» WHAT THE TASK ASKS: Output only the lines below from the one holding "O objetivo desse" down to the one holding "Это занятие так", both end lines included and every picture dropped.

Data entries
▼▼▼

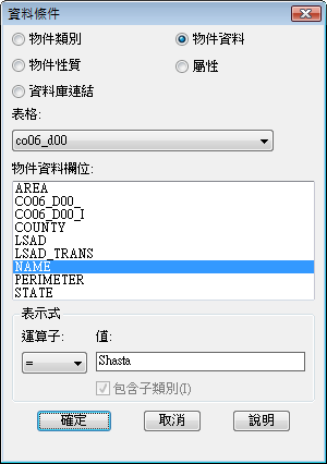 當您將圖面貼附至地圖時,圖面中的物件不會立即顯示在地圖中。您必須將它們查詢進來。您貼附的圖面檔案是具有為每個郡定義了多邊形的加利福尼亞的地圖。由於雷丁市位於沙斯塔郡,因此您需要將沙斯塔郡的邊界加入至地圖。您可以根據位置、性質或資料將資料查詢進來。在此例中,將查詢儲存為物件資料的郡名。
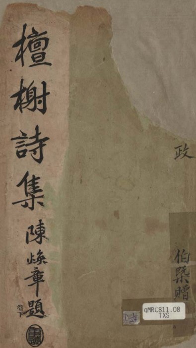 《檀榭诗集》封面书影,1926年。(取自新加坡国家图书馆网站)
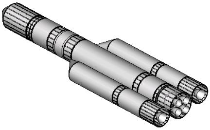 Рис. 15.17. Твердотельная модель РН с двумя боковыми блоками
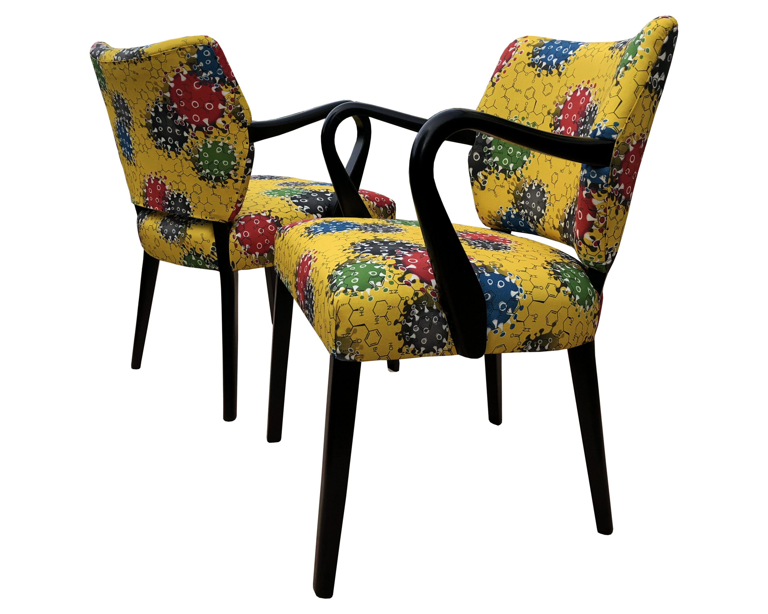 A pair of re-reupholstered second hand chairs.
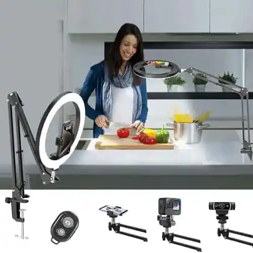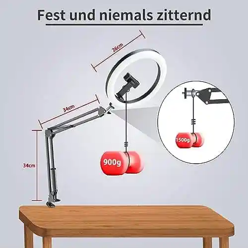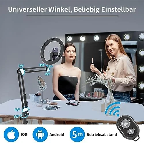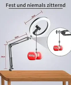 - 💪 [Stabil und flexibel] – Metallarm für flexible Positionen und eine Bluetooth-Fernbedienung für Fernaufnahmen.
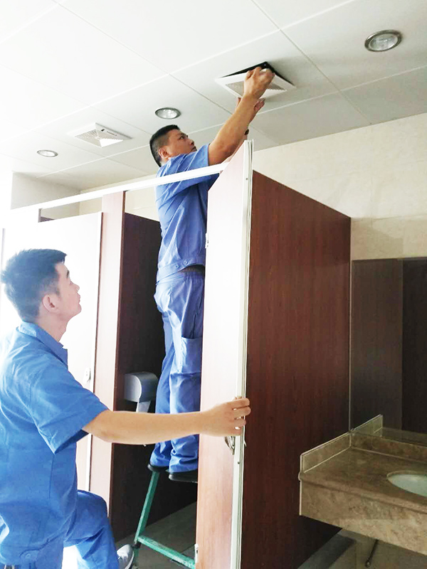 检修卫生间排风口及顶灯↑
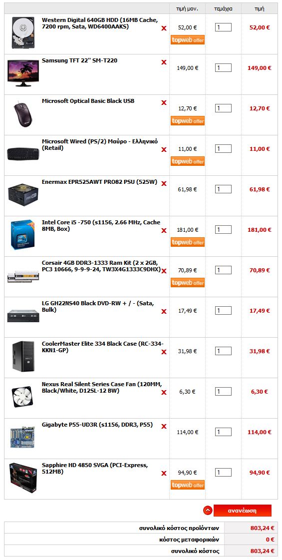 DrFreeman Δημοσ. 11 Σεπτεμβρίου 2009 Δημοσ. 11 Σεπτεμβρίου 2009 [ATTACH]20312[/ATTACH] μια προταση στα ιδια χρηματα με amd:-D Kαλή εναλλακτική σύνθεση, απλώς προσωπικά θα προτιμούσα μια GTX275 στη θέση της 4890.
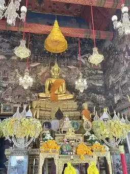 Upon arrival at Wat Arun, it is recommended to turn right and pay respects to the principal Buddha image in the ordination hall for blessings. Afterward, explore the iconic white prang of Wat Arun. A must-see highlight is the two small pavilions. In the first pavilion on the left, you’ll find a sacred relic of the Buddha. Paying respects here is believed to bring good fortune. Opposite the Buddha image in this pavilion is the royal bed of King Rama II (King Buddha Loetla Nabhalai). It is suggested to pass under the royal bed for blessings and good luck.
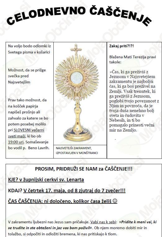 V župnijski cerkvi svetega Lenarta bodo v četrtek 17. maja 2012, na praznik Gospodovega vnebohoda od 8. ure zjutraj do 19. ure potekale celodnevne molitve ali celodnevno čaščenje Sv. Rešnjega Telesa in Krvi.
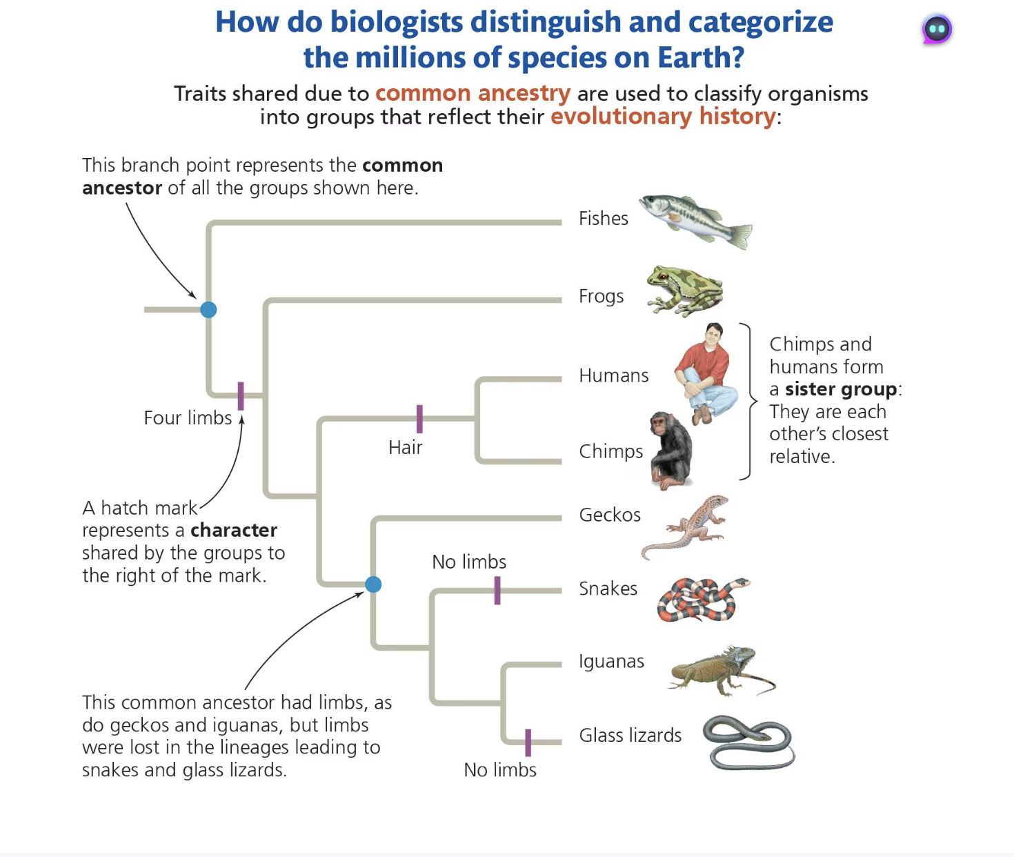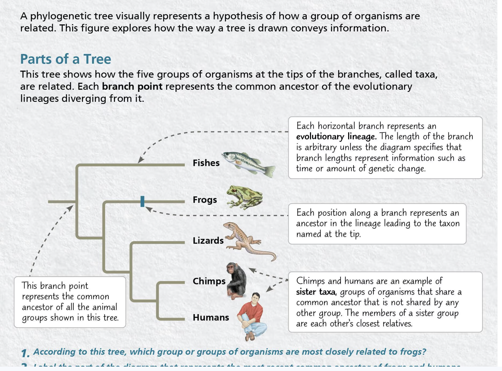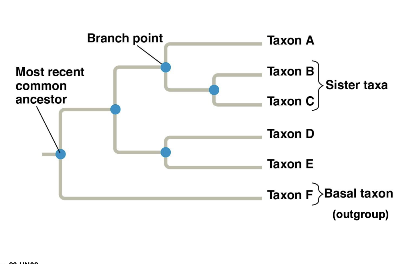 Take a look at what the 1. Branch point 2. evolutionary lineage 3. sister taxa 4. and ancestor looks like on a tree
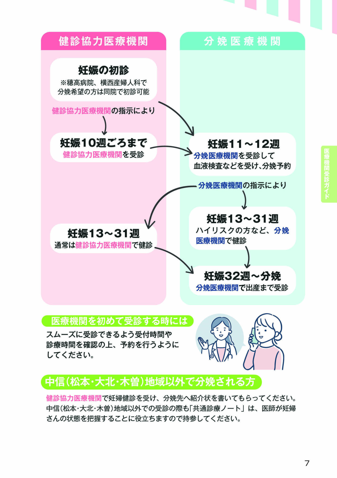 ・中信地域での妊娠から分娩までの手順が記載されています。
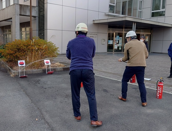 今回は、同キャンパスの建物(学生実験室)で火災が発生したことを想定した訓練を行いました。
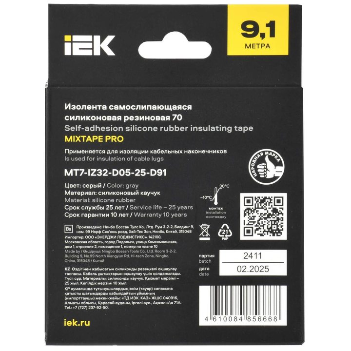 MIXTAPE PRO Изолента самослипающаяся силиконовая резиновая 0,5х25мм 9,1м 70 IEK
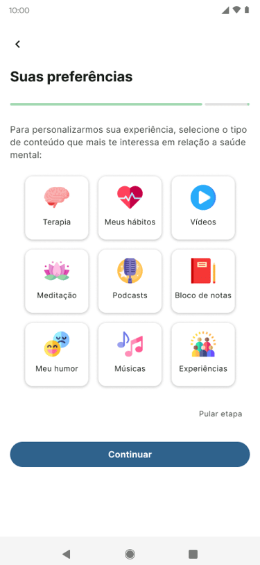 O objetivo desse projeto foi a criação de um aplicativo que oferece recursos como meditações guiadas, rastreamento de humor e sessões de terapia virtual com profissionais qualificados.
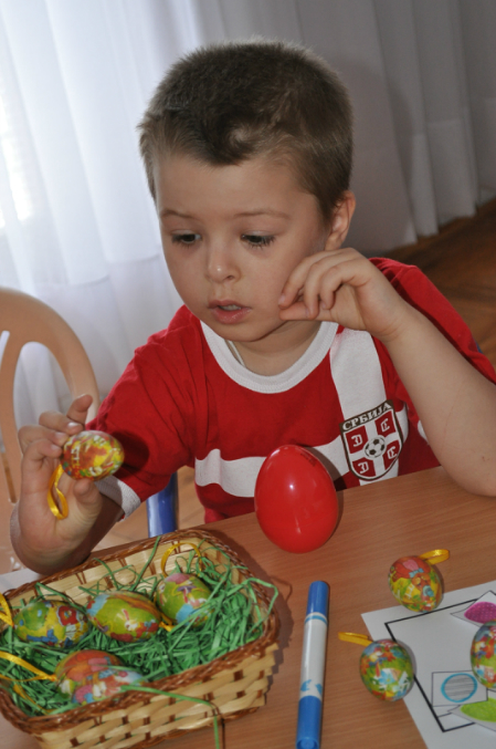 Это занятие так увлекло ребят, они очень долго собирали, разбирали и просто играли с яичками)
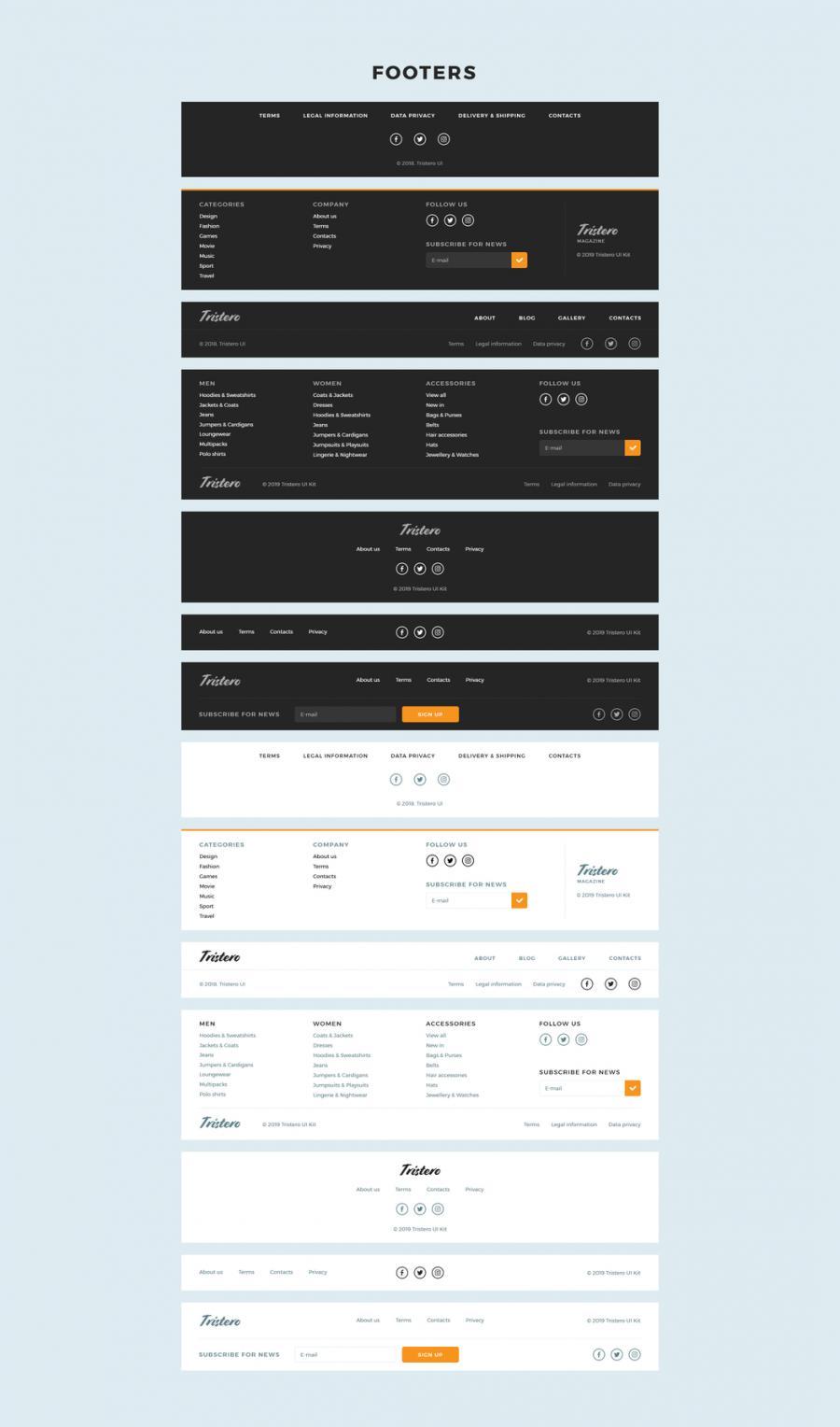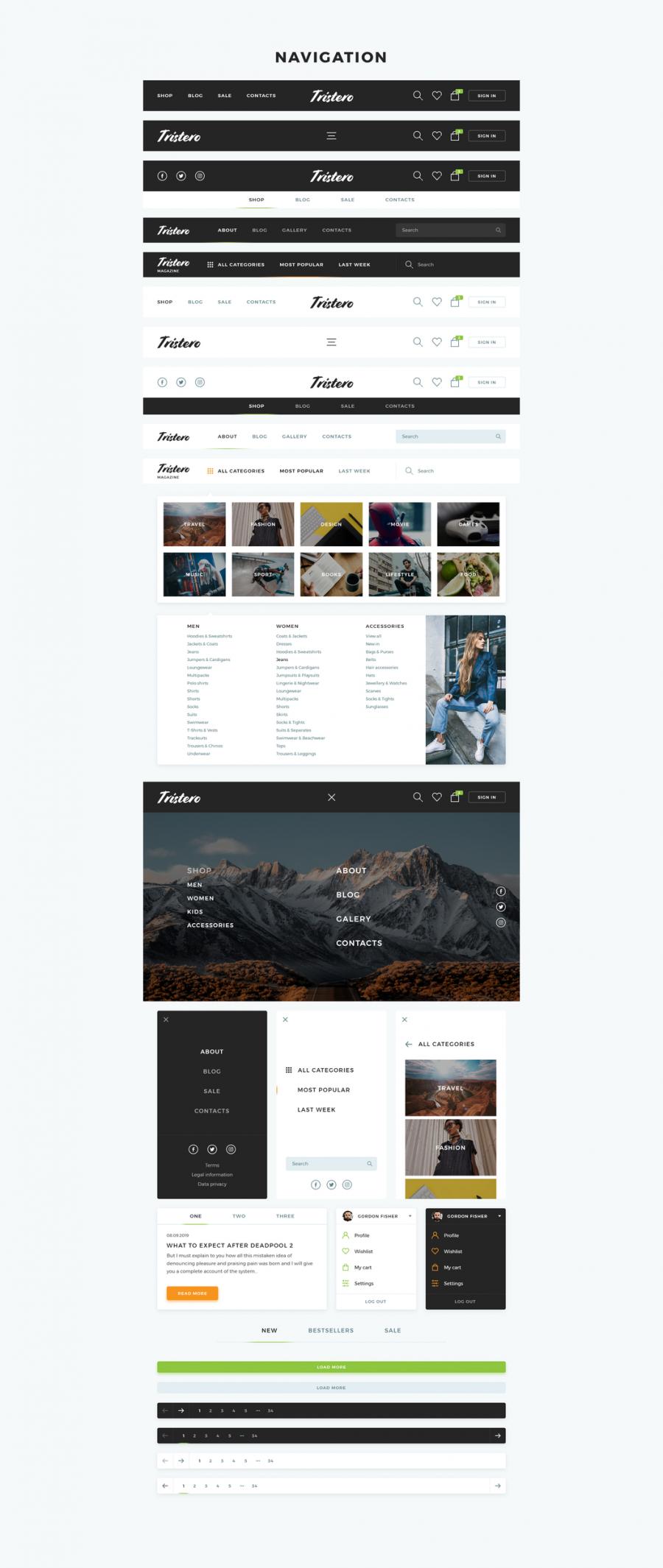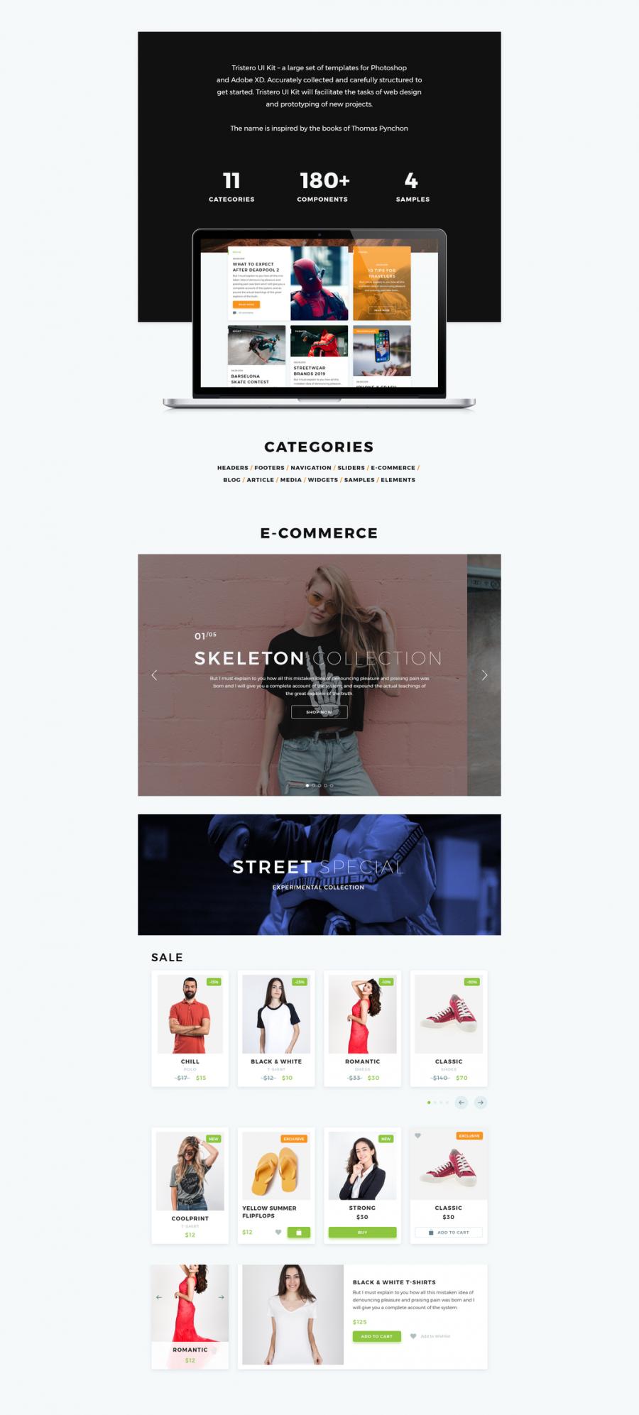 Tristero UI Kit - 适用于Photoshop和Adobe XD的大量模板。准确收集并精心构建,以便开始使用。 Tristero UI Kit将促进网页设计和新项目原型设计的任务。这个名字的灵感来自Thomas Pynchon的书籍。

▲▲▲

» OUTPUT FOR THIS EXERCISE:
 O objetivo desse projeto foi a criação de um aplicativo que oferece recursos como meditações guiadas, rastreamento de humor e sessões de terapia virtual com profissionais qualificados.
 Это занятие так увлекло ребят, они очень долго собирали, разбирали и просто играли с яичками)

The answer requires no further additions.